罪与罚
2015-12-16■赵恺
■赵 恺
罪与罚
■赵 恺
从洁白中拷打出罪恶,从罪恶中拷打出洁白。
—陀思妥耶夫斯基
马萨达
马萨达是以色列的一座山,它的意思是“堡垒”。
悬崖绝壁,拔地而起,如同苍天创造在死海一侧的神秘石雕。
平视为矩型,俯视为菱型。顶部刀削斧砍一般地平。山顶阵地长600米,最宽处168米。
公元70年,包括老人妇女孩子在内的996名军民坚守马萨达抗拒罗马大军和沙尘风暴、严寒酷暑的联手入侵。
引来清泉,马萨达有水。
播种五谷,马萨达有粮。
侵略和反侵略对峙三年。
时间是功课。

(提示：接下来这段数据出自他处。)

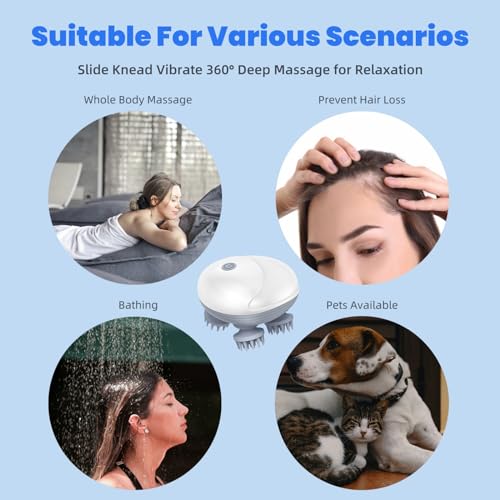 【Dual-Purpose Electric Scalp Massager】The electric scalp massager can be used by both humans and pets. The massager will slide, knead and vibrate 360° to promote blood circulation and relieve irritation. You and your ptes can enjoy a relaxing massage experience with it

三年,防守者学会了防守,进攻者学会了进攻。
敌人在马萨达之一侧堆垒斜坡,死亡阴险逼向山顶。
阵地陷落前,防守者集体自尽。他们抽签选出一批战士,让战士杀死亲人和同伴,最后一人以剑自戗。
敌人得到的是池中的水,仓中的粮,和阵地上996具战士遗体。
最小的战士3岁,3岁的战士当是军事史上最小的战士了。
最具杀伤力的武器是不用武器。3岁战士用眼泪激励并投入保卫尊严的战斗。
马萨达仰面苍天,把996尊灵魂托举到太阳近边。
时至今日,一年一度,以色列国防军新兵循例在马萨达极顶宣誓入伍。
他们的誓辞是:
马萨达永不陷落!
禁闭
抢滩成功。
作为尖刀部队的G艇官兵九名捐躯大海,两名负伤沙滩。
艇长轻伤,战士重伤。重伤在额:血肉模糊,深度昏迷。艇长抱起战士,仿佛在地狱门边抱起一座山。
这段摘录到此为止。